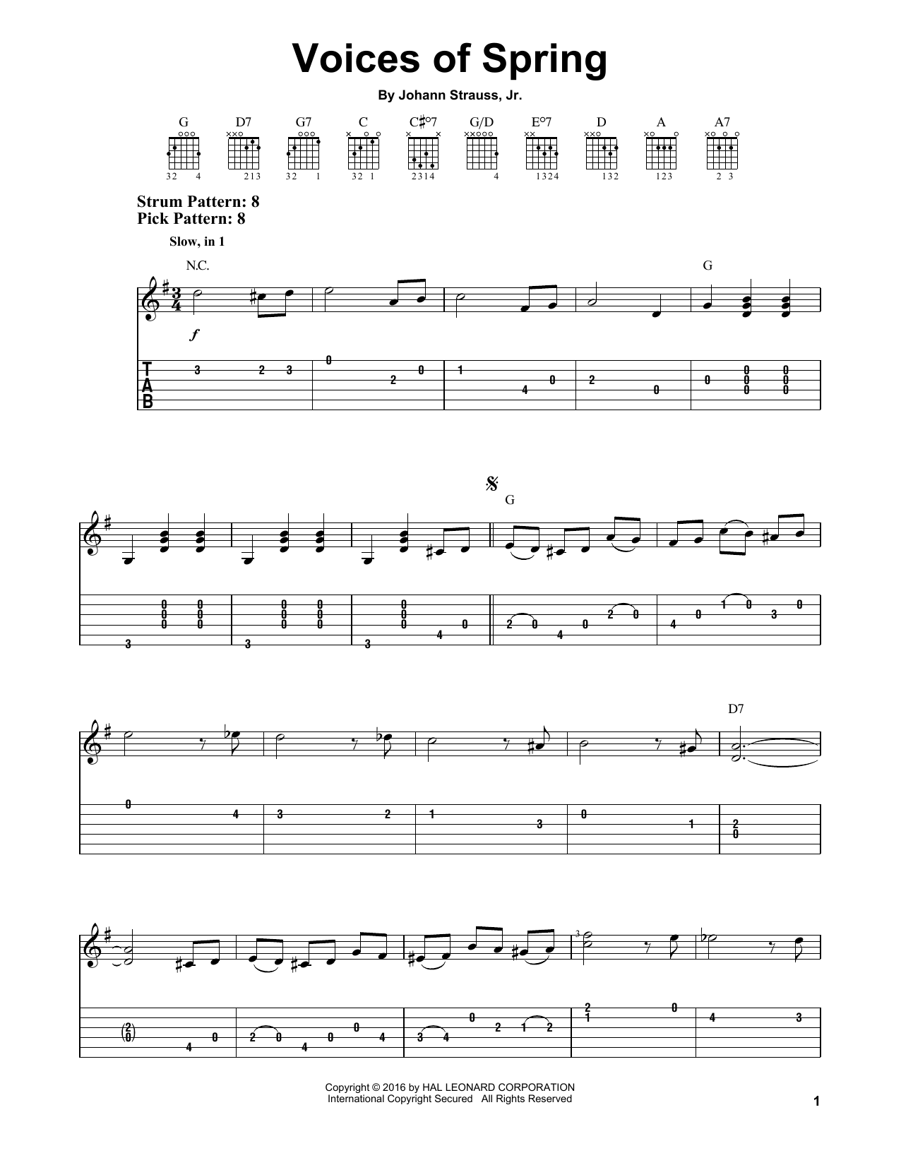 Download or print Johann Strauss, Jr. Voices Of Spring sheet music, chords and digital score arranged for Easy Guitar Tab. This Classical score includes 3 page(s).
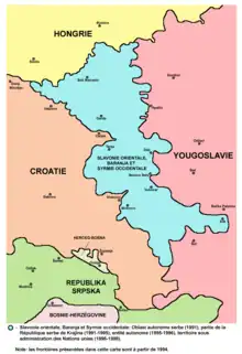 Elle comprenait les régions de Syrmie occidentale (région de Vukovar), de Baranya (Baranya du sud, région de Beli Manastir) et une toute petite partie de la région géographique de Slavonie.
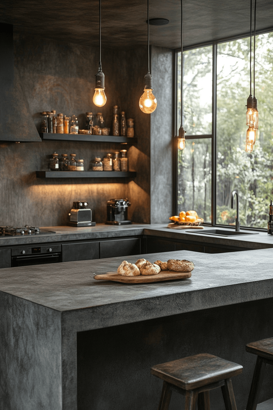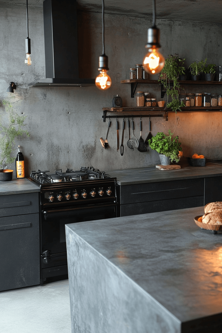 Industrial textures create depth in a dark grey kitchen with bold, urban appeal. Concrete floors and metal shelving add raw character. Dark cabinetry anchors the design. Statement lighting enhances the atmosphere. Warm metallic touches soften the look. Build a bold industrial dark grey kitchen with ease!
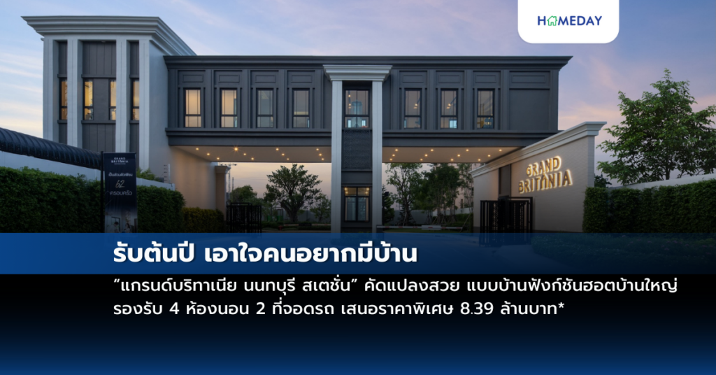 รับต้นปี เอาใจคนอยากมีบ้าน “แกรนด์บริทาเนีย นนทบุรี สเตชั่น” คัดแปลงสวย แบบบ้านฟังก์ชันฮอตบ้านใหญ่ รองรับ 4 ห้องนอน 2 ที่จอดรถ เสนอราคาพิเศษ 8.39 ล้านบาท*

## DIRECTIONS FOR THIS TASK
Once more, please print all the lines above exactly, without their pictures.

## RESPONSE AREA
 Download or print Johann Strauss, Jr. Voices Of Spring sheet music, chords and digital score arranged for Easy Guitar Tab. This Classical score includes 3 page(s).
 Elle comprenait les régions de Syrmie occidentale (région de Vukovar), de Baranya (Baranya du sud, région de Beli Manastir) et une toute petite partie de la région géographique de Slavonie.
 Industrial textures create depth in a dark grey kitchen with bold, urban appeal. Concrete floors and metal shelving add raw character. Dark cabinetry anchors the design. Statement lighting enhances the atmosphere. Warm metallic touches soften the look. Build a bold industrial dark grey kitchen with ease!
 รับต้นปี เอาใจคนอยากมีบ้าน “แกรนด์บริทาเนีย นนทบุรี สเตชั่น” คัดแปลงสวย แบบบ้านฟังก์ชันฮอตบ้านใหญ่ รองรับ 4 ห้องนอน 2 ที่จอดรถ เสนอราคาพิเศษ 8.39 ล้านบาท*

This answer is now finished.